#### [Source records]
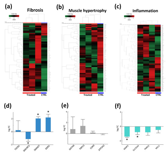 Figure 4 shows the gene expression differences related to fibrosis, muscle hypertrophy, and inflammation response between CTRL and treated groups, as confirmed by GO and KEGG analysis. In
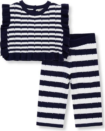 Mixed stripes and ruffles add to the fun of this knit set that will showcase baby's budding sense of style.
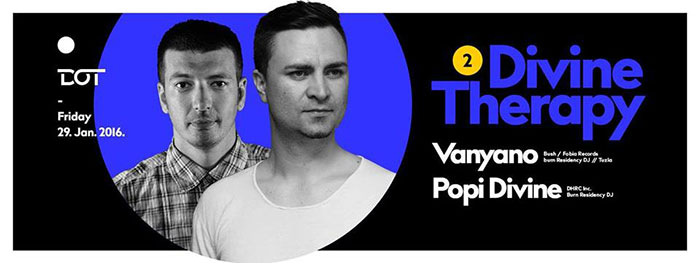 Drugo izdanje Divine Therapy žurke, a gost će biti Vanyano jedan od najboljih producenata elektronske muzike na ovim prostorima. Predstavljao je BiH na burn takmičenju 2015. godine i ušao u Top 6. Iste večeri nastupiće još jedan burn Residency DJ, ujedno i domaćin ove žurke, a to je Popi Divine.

--

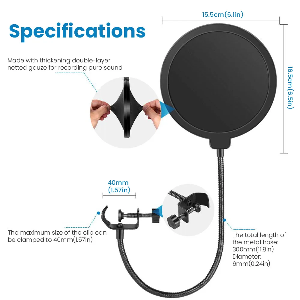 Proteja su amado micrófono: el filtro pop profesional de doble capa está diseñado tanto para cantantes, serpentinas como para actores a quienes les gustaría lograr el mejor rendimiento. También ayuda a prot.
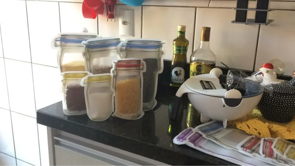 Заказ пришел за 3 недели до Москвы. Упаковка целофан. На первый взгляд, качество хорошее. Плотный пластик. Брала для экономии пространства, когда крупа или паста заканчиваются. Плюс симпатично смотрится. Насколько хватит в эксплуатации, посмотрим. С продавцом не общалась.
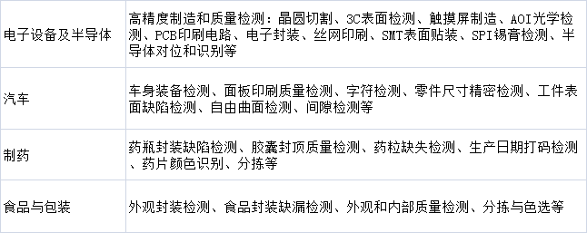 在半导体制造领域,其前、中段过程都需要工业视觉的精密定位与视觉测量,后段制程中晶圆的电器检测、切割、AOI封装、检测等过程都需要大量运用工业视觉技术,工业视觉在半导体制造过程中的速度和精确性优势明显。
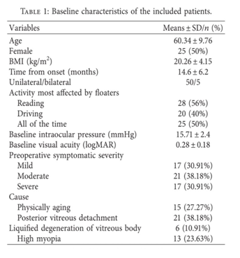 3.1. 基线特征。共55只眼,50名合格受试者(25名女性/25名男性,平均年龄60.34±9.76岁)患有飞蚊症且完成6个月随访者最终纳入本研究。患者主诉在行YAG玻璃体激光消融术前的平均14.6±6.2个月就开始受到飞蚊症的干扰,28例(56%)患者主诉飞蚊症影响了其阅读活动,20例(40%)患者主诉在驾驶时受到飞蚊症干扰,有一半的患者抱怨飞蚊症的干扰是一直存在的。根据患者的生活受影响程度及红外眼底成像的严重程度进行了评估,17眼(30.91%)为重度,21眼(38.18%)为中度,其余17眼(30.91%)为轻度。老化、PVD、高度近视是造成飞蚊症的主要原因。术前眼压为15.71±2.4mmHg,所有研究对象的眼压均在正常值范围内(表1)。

---

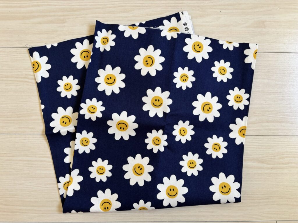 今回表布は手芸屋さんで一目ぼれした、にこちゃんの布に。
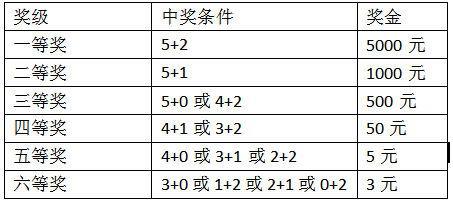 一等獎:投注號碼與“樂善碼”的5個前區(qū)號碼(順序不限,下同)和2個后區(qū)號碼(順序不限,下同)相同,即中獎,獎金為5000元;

#### [How to complete this task]
In the records above, find the line with "Figure 4 shows" and the line with "Drugo izdanje Divine"; please transcribe exactly those two lines and all lines between them, omitting any picture.

#### [Finished exercise]
 Figure 4 shows the gene expression differences related to fibrosis, muscle hypertrophy, and inflammation response between CTRL and treated groups, as confirmed by GO and KEGG analysis. In
 Mixed stripes and ruffles add to the fun of this knit set that will showcase baby's budding sense of style.
 Drugo izdanje Divine Therapy žurke, a gost će biti Vanyano jedan od najboljih producenata elektronske muzike na ovim prostorima. Predstavljao je BiH na burn takmičenju 2015. godine i ušao u Top 6. Iste večeri nastupiće još jedan burn Residency DJ, ujedno i domaćin ove žurke, a to je Popi Divine.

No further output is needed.